Stessa sorte è toccata a due fratelli senegalesi che, probabilmente, si sono ritrovati a Milo per pura casualità. Nell’ hotspot di Trapani dopo il trasferimento di 500 migranti, sono nuovamente in sovrannumero, contribuendo ad evidenziare le prime crepe, anche a causa dei mancati trasferimenti in seconda accoglienza e di personale (la prefettura ha soltanto due persone in organico che si occupano di immigrazione che devono far fronte ai 3.000 migranti ospitati in provincia).
Dalle testimonianze raccolte da migranti incontrati nei giorni scorsi a Palermo e a Trapani, dall’hotspot di Milo sarebbero scappati, ancora non identificati, più di 100 migranti arrivati nell’ultimo sbarco su di una nave olandese di Frontex, dopo avere protestato perché sostenevano che i militari olandesi avessero sequestrato loro tutti i propri averi, senza riconsegnarli. I migranti avrebbero chiesto a gran voce e con molta determinazione spiegazioni, che i gestori di Milo non avrebbero potuto dare e la protesta, che stava sfociando in altro, sarebbe culminata in una fuga di massa.
Sbarco ad Agrigento – Ph.
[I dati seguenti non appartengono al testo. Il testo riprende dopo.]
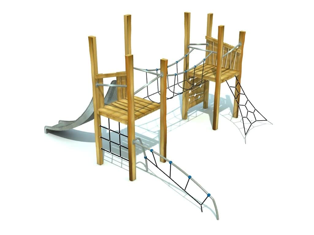 De Rob Roy-serie combineert geschaafd robiniahout met gegalvaniseerd staal voor maximale duurzaamheid en een tijdloze, natuurlijke look. De toestellen zijn ontworpen voor intensief, openbaar gebruik en vragen weinig onderhoud. Met de vele configuraties en uitbreidingen realiseer je voor elke locatie een onderscheidende speelplek met hoge speelwaarde.
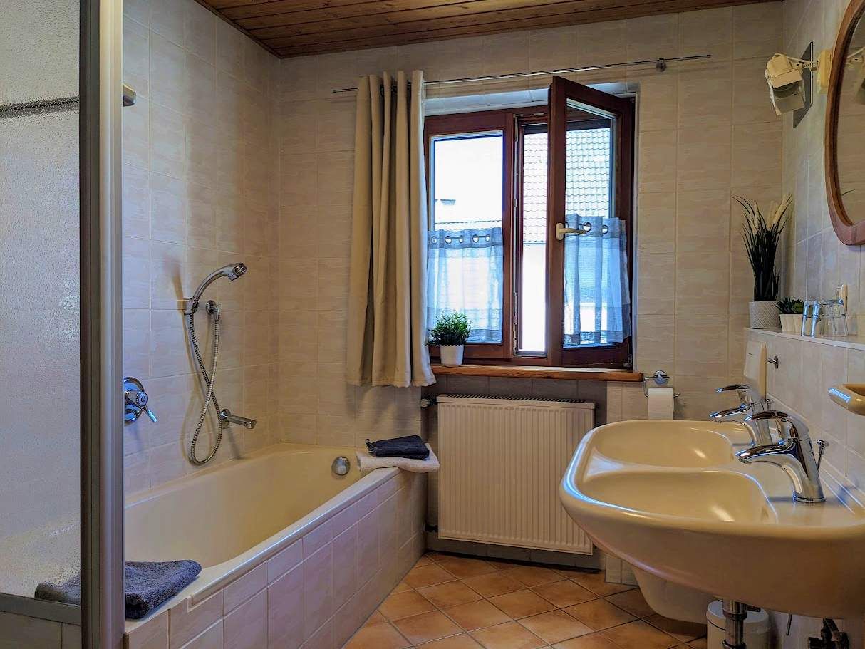 • Freundliches Badezimmer mit Dusche/WC und Badewanne

Alberto Biondo
Allo sbarco di Porto Empedocle c’è stato il trasbordo di 150 persone dalla nave militare olandese, che non poteva attraccare al porto, alle motovedette della Guardia Costiera che hanno fatto la spola dalla nave alla banchina per poi collocare i migranti nella tecnostruttura dove sono stati rifocillati e poi trasferiti in questura per le identificazione.
A Palermo (dove la presenza di Frontex al porto é sempre più imponente e importante), come del resto ad Agrigento, si registra la selezione dei migranti “economici” non più sulla base delle dichiarazioni rilasciate dai migranti al momento della compilazione del foglio notizie, ma direttamente per nazionalità. Sembrerebbe infatti che se sei senegalese, nigeriano, maliano, sul foglio notizie venga segnato come motivo della migrazione “lavoro” o “povertà” anche se molti dichiarerebbero di voler richiedere protezione.
La domanda “Dove è mio marito?” ancora risuona nelle orecchie, e il volto di Lilian pieno di angoscia è presente nella memoria. Ci auguriamo, e ci impegniamo, perché lei e Osman possano tornare insieme contro tutti gli ostacoli di una burocrazia che crea solo vittime.